The authors present a high yield, scalable method for synthesis of asymmetric nanoparticles with aspect ratios of up to 1.8. They use core shell particle consisting of a polystyrene core with a random copolymer of styrene and trimethoxysilylpropylacrylate (TMSPA) grown on the outside as a shell. The polystyrene can be swelled with toluene or styrene monomer. At sufficiently high swelling, the core will breach through the copolymer shell (see figure 1 and 2). They then polymerize on more polystyrene, it preferentially adds to the polystyrene numb protruding from the core-shell particle. By controlling ammount of monomer added, they can control the aspect ratio of the particles. These particles self assemble into interesting structures which the authors believe may be useful for photonic crystal applications.

Soft Matter Discussion

Surface tension is both the cause of the problem the authors aim to address and one of their main tool is doing so. Non-spherical particles do not form naturally because their higher surface area to volume ratio makes them energetically disfavored. The authors manipulate surface tension to their advantage by using a shell which is more hydrophilic than the polystyrene core. This way when polystyrene leaks out it forms a small glob minimizing its area, rather than coating the shell to minimize total area.

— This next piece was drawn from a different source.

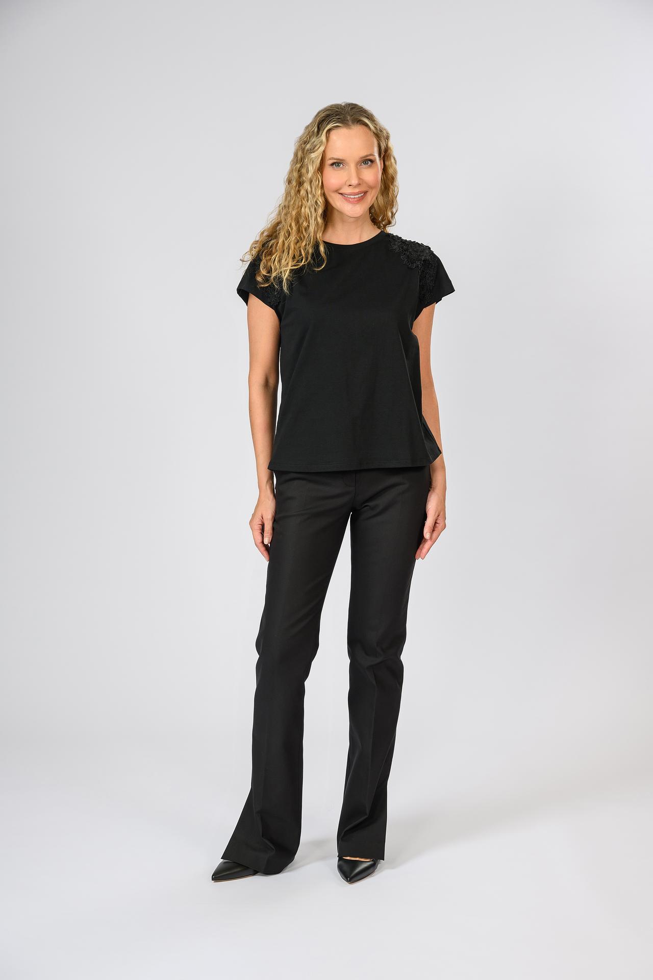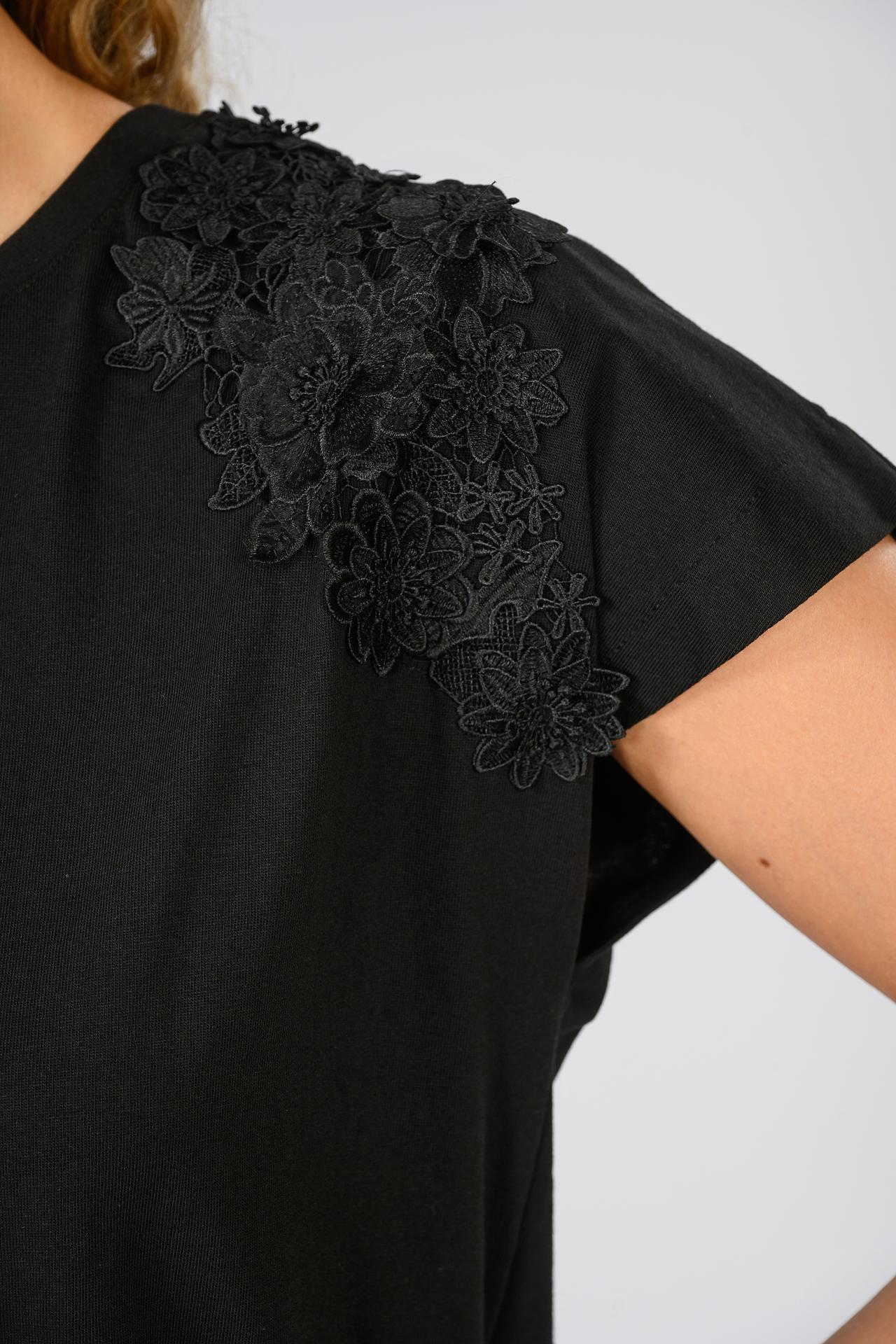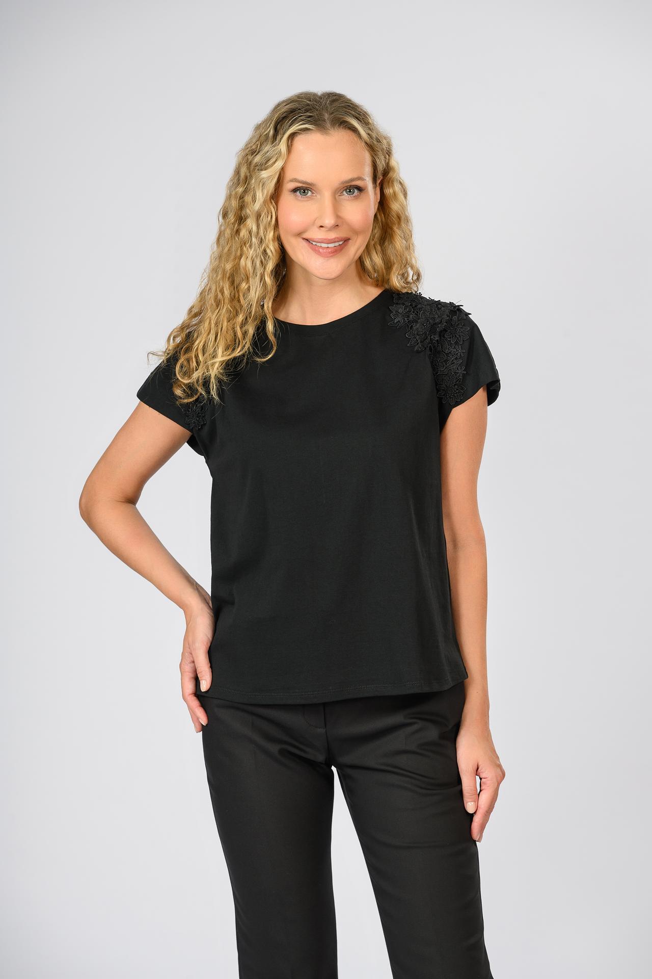 - Дизайн: Классический прямой крой и круглый вырез горловины. Дополнен элегантной кружевной отделкой на плечах в виде объемных цветов, создающей акцент.

These particles add an extra phase transition compared to plain spheres, between vertical and horizontal orientations of the dumbells.

These particles could serve as effective stabilizers for pickering emulsions since they possess hydrophobic and hydrophilic ends. The author's ability to control the relative sizes of these two ends should allow them to be engineered to control whether they stabilze water in oil or oil in water emulsions. Because they have continuously variable control over moiety size ratios, it might also be possible control finer details of the size or kind of emulsion structures formed by these particles.